As I finished speaking Alfred glanced at the closed door then deliberately reached over and caught both my hands as they fluttered about over the leaves of the book. In my surprise they struggled a moment, but he held them--he has such big, warm, _capable_ hands; no wonder people are trusting as to their ability--and thus it was, with our heads bent close together and our hands pressing down upon the passionate poems of the greatest passion poet, that I received my first declaration of love.
"Don't you know that there is nothing in the world I own or could get too valuable for me to give to you, Ann?" he said, in low, tense tones that I had never heard from him before. "Surely you know what you are to me! The greatest privilege I could ask is to give you everything I have or shall have--a life of devotion--a heart, darling, that has always been yours! A world of _love_!--"
He came closer still, and in another moment he would have had his arms around me, carried away as he was by the force of his own feelings, but I drew back and he was arrested by the look on my face. His own went white with sudden misery.
"Ann! Surely you don't mean to tell me that I am already too late?"
"Too late?"
"That you love some one else!"
His face, pale and drawn, looked strangely unlike my genial, even-tempered Alfred. He was capable of great depth of feeling, then--besides being so strong, so fine! I had always had an infinite respect for him, and admiration, and affection! I had known that the strength of his nature had been tested and found _there_; and it was like the strength of oak, sturdy, deep-rooted, indomitable.
"I _so nearly_ love _you_, Alfred," I cried, struggling between the pain I felt at his hurt and the bewilderment of my own confused feelings.
For the face of Richard Chalmers was between us, and his face, too, spoke strength.

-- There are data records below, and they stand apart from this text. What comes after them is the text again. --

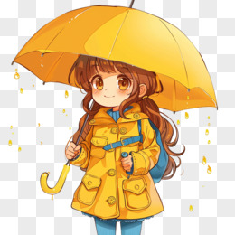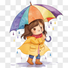 卡通可爱拟人穿雨衣小熊打伞免抠元素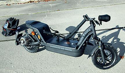 Tenk deg en scooter som du kan felle sammen, pakke inn i vogna eller bobilen (eller en vanlig bil) og dessuten kjøre rundt med uten verken bensin eller diesel. Du lader den enkelt ved å stikke kontakten i et uttak, og en prisen for kjøringen beregnes til 4 øre pr kilometer. Du kan altså ta deg en 10-milstur for 4 kroner.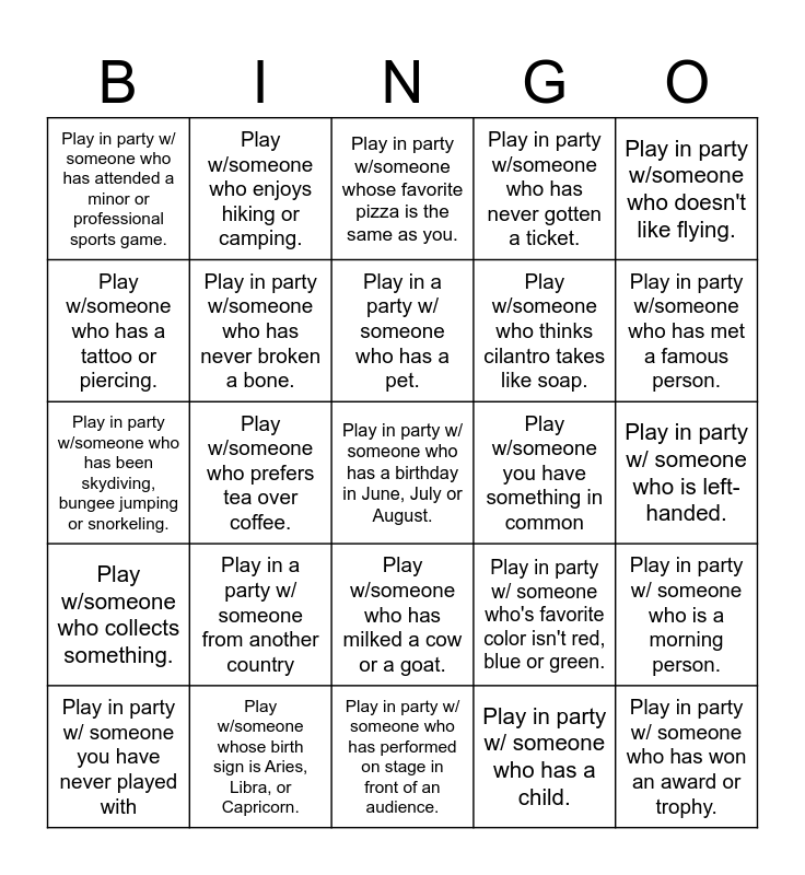 This bingo card has a free space and 24 words: Play in party w/ someone you have never played with, Play in a party w/ someone from another country, Play in a party w/ someone who has a pet., Play in party w/ someone who has a child., Play in party w/someone who doesn't like flying., Play in party w/ someone who has attended a minor or professional sports game., Play w/someone who enjoys hiking or camping., Play in party w/someone whose favorite pizza is the same as you., Play w/someone you have something in common, Play in party w/ someone who is left-handed., Play in party w/someone who has been skydiving, bungee jumping or snorkeling., Play in party w/someone who has never broken a bone., Play in party w/ someone who's favorite color isn't red, blue or green., Play in party w/ someone who is a morning person., Play w/someone who has a tattoo or piercing., Play w/someone whose birth sign is Aries, Libra, or Capricorn., Play in party w/ someone who has performed on stage in front of an audience., Play in party w/someone who has never gotten a ticket., Play in party w/someone who has met a famous person., Play w/someone who collects something., Play w/someone who prefers tea over coffee., Play w/someone who has milked a cow or a goat., Play w/someone who thinks cilantro takes like soap. and Play in party w/ someone who has won an award or trophy..

Strength of steel, cold, inflexible, even cruel, perhaps--yet holding such a potent attraction.
"--But you _quite_ love some one else?" His voice was calm, although his face was even whiter than a moment before.

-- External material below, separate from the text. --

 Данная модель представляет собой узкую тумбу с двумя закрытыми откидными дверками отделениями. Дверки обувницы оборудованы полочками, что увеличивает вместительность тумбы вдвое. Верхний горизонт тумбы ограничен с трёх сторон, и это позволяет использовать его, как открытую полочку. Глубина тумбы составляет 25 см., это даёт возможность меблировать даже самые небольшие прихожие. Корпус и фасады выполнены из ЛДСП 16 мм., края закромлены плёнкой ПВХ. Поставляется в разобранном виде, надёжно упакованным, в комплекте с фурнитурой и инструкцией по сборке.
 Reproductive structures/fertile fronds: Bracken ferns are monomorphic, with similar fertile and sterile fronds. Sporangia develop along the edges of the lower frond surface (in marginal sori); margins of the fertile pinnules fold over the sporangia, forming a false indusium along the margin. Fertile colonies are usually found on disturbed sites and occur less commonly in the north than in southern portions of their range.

"I don't know--I only know that I am oh, so sorry for you--and for myself, too!"
He was still holding my hands in his strong clasp, and they felt so wonderfully at home there that I never thought to move them--if I had never known that other man I should have loved _him_ so!
"Ann, is it Chalmers?"
The question was frankly put, and as frankly answered.

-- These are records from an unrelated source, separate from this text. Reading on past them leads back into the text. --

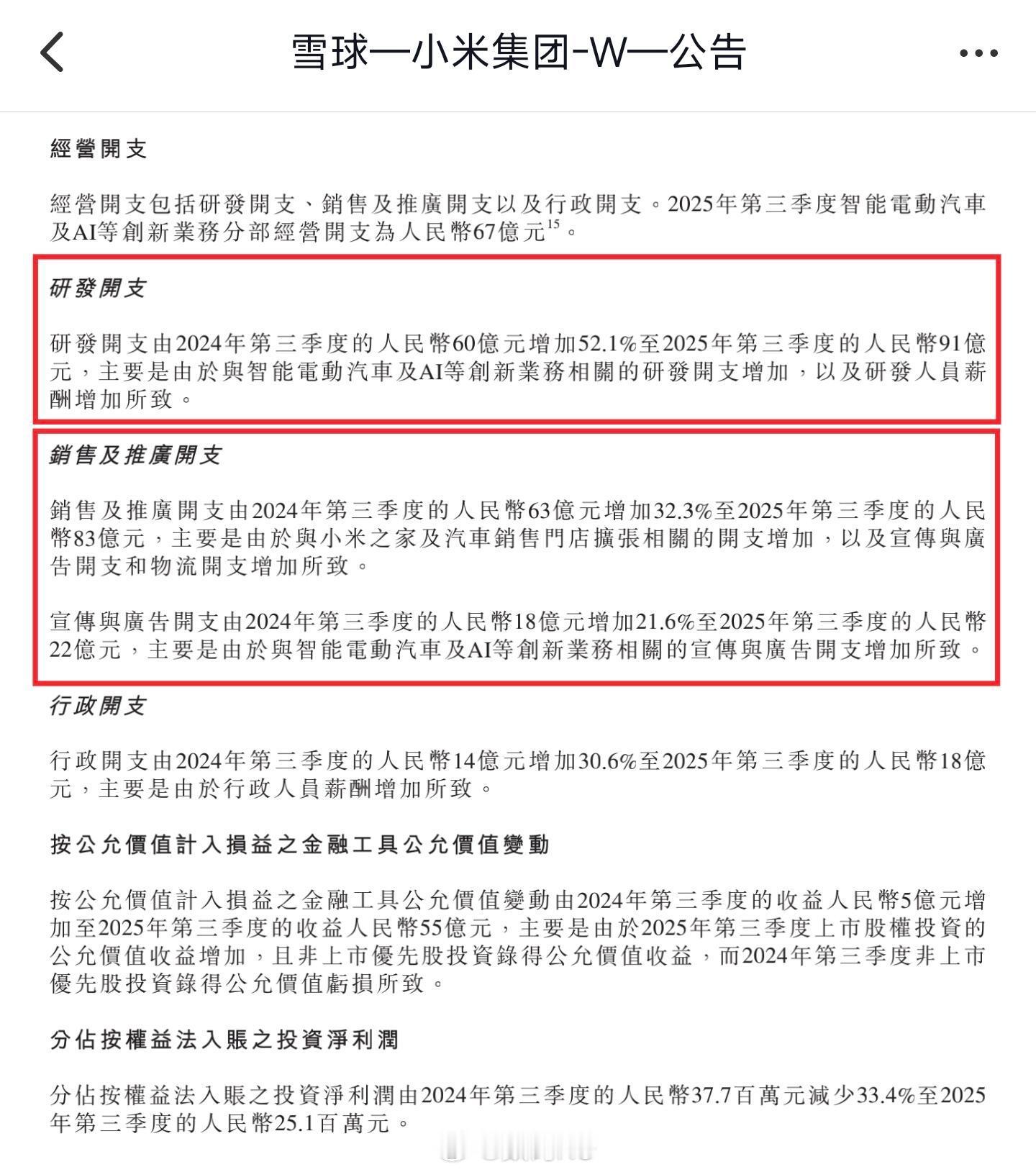 到底谁在说小米营销费用高,小米第三3季度宣传与广告开支仅22亿占本季度营收的1.94%,如果这个还高,可以去对比一下别的公司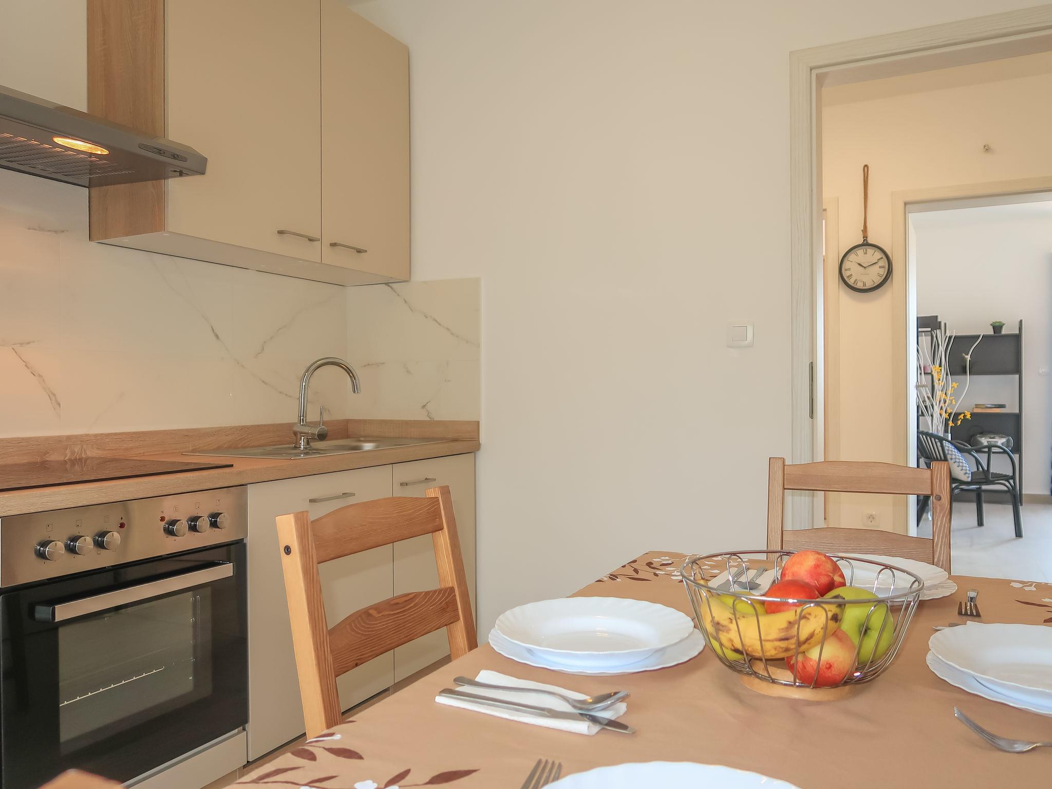 "Gordana", 3-room apartment 83 m2 on 2nd floor. Living/dining room with 1 sofabed, satellite TV and air conditioning. Exit to the balcony. 2 rooms, each room with 1 double bed. Exit to the balcony. Dining room. Exit to the balcony. Open kitchen (oven, dishwasher, 4 ceramic glass hob hotplates, toaster, kettle, electric coffee machine). Bath/WC, sep. WC. Air-conditioning (extra). No heating option. Balcony 18 m2, balcony. Balcony furniture. View of the sea. Facilities: Internet (WiFi, free). Please note: non-smoking house.
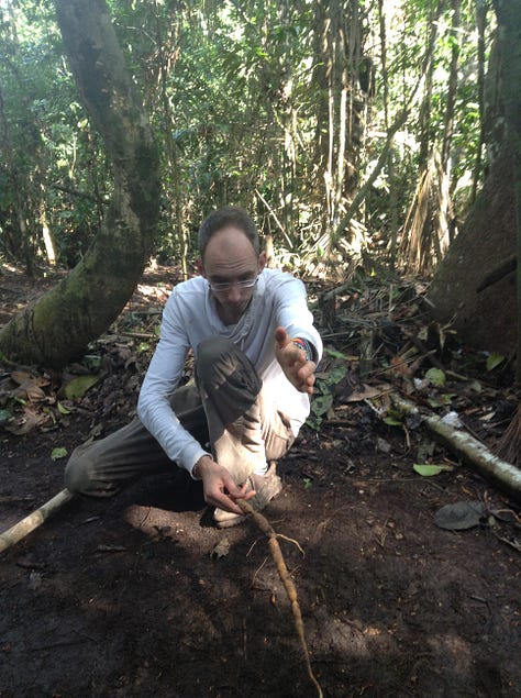 We collected twenty-five chacruna plants that morning. We took them out of the earth, roots and all, to add to our medicinal garden. I walked back to the boat next to Luis. We were in good spirits as our walk had been fruitful. We joked about me not being able to find the plants so quickly, and as we walked, I was not paying a lot of attention to the path.

"Yes.--But there is nothing yet--nothing has been _said_--still, I know--"
"Ah, I was afraid of that! That was what overpowered my determination not to speak of my love until I came back from Europe! I noticed something that first time I met him--then the Gordons told me of his attentions to you."
"Yes," I said. "But he has never told me that he cares."
"He will. And I congratulate him."
Alfred arose, as he spoke, and I laid my hand on his arm.
"This is not going to make any difference between us?" I asked appealingly. I felt that I could not lose my friend.
"Not in my feeling for you," he answered, looking down at me with a look that I hated to see in his brown eyes--they usually met the world with such a level, untroubled glance. "If you should ever change, or ever need me--you know that I will be there. But, dear, it will be painful to go on meeting you. I'm going away in a few weeks, perhaps, but until then--"
"I know. I'll stay out of your way," I promised humbly.
He leaned over suddenly and caught my face between his hands. He brushed his lips lightly against the coils of my hair.
"Good-by, _darling_," he said. Then he went out softly and closed the door.